> _WHAT YOU WILL DO_
Retype, exactly and with nothing added, the lines from the one showing "As temperaturas permanecem" through the final line of the material. Omit pictures.

> _PROVIDED MATERIAL_
____________

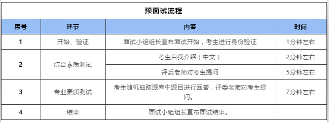3. 考生首先進(jìn)行2分鐘中文自我介紹,然后進(jìn)行回答及自由問答環(huán)節(jié),最后完成面試。
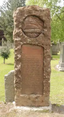He died in Edinburgh on 8 December 1961 and is buried with his father in the Grange Cemetery.[11] The grave lies not far from the main entrance on the right hand side of the first north-south path.
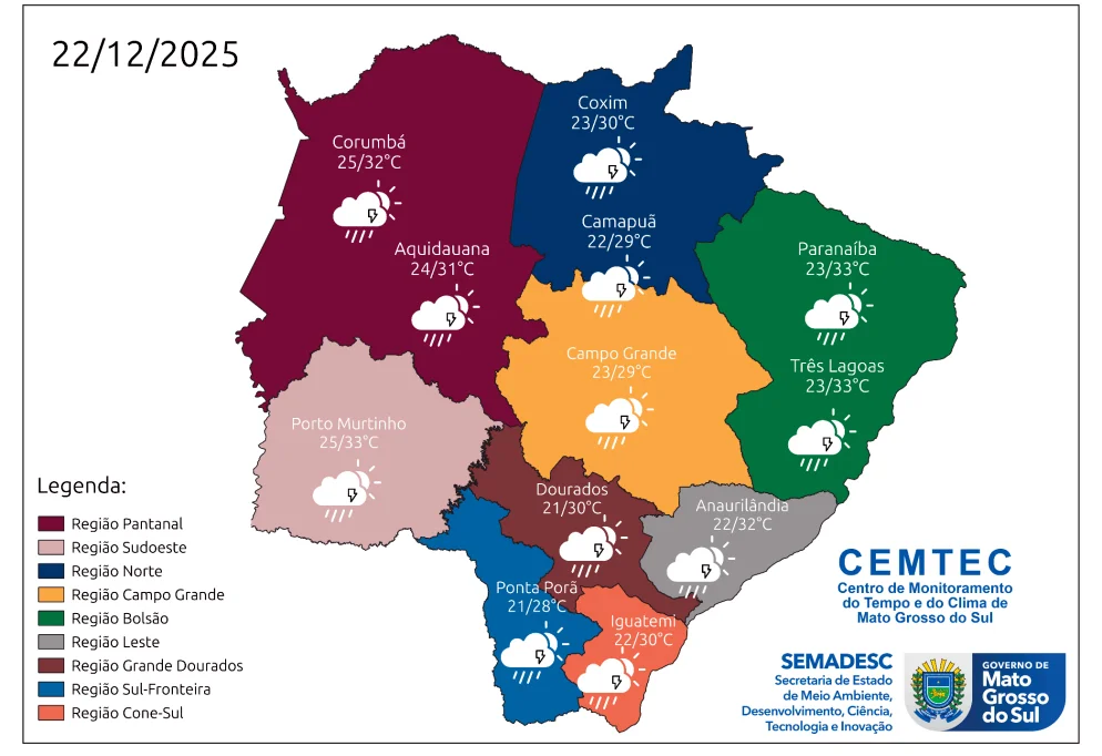 As temperaturas permanecem elevadas em todas as regiões. Em Campo Grande, os termômetros devem marcar entre 23 °C e 29 °C. No Pantanal, Corumbá registra mínima de 25 °C e máxima de 32 °C, enquanto Porto Murtinho pode chegar aos 33 °C.
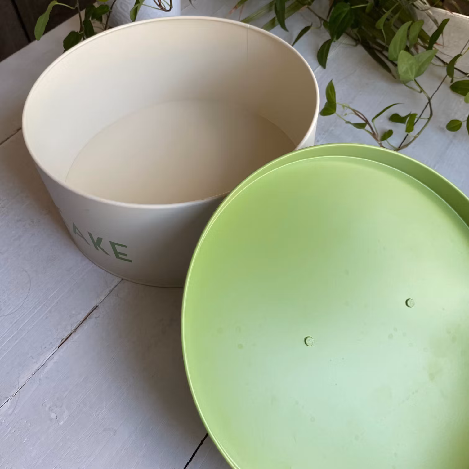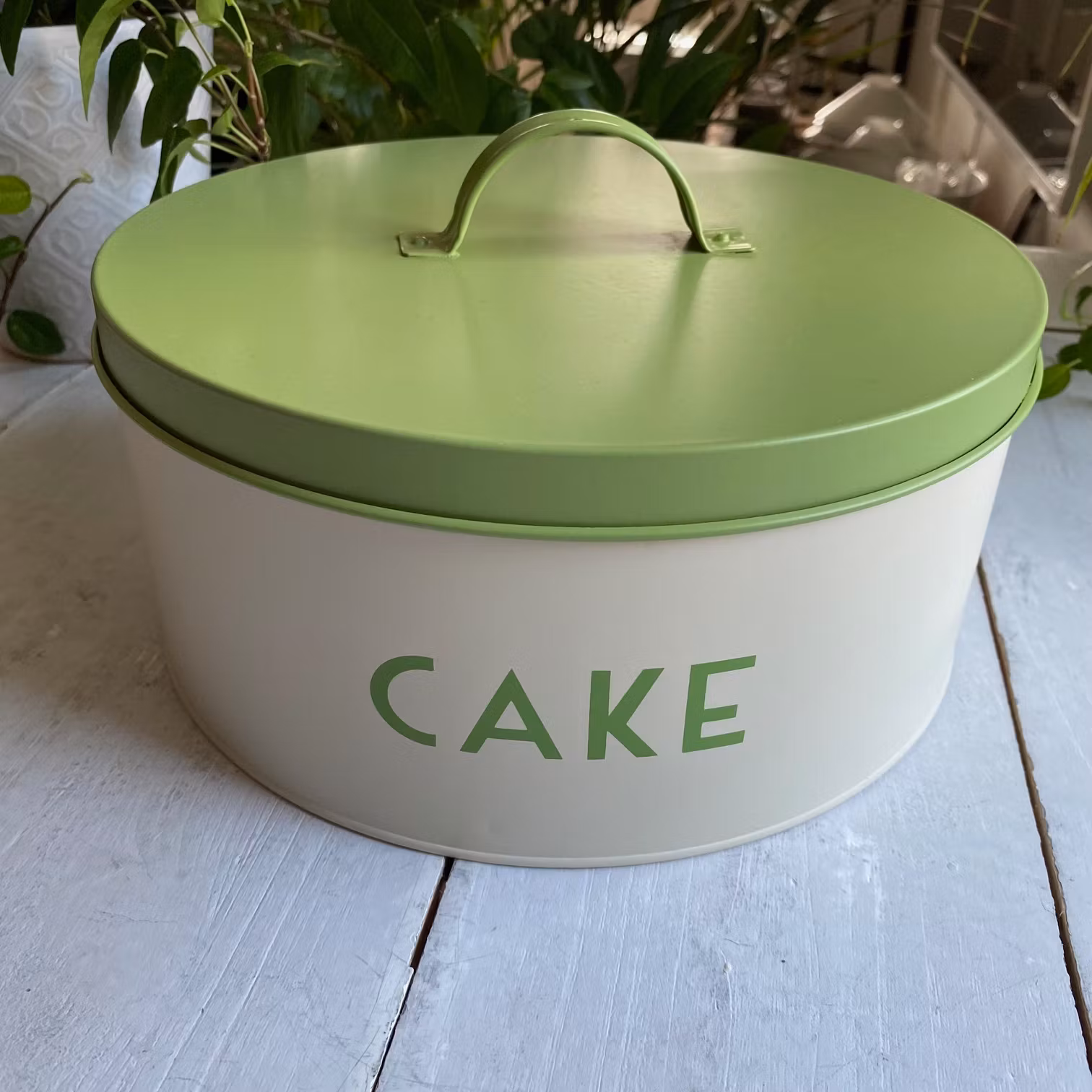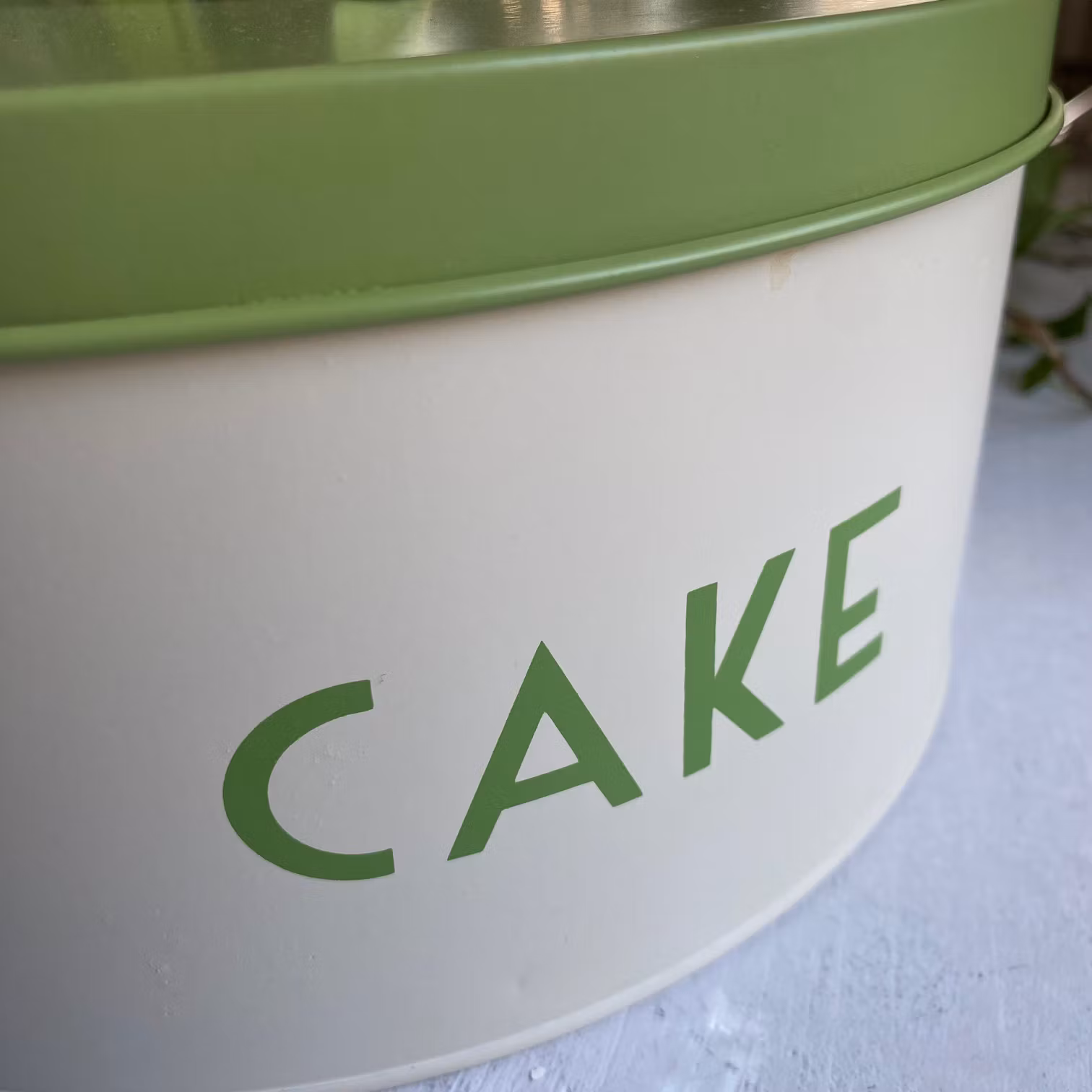 Burken har ett runt grönt lock och grön text som stavar 'CAKE', vilket gör den både funktionell och dekorativ. Perfekt för dig som älskar vintage och vill ha något unikt i ditt hem.

____________

> _TASK RESPONSE_
 As temperaturas permanecem elevadas em todas as regiões. Em Campo Grande, os termômetros devem marcar entre 23 °C e 29 °C. No Pantanal, Corumbá registra mínima de 25 °C e máxima de 32 °C, enquanto Porto Murtinho pode chegar aos 33 °C.
 Burken har ett runt grönt lock och grön text som stavar 'CAKE', vilket gör den både funktionell och dekorativ. Perfekt för dig som älskar vintage och vill ha något unikt i ditt hem.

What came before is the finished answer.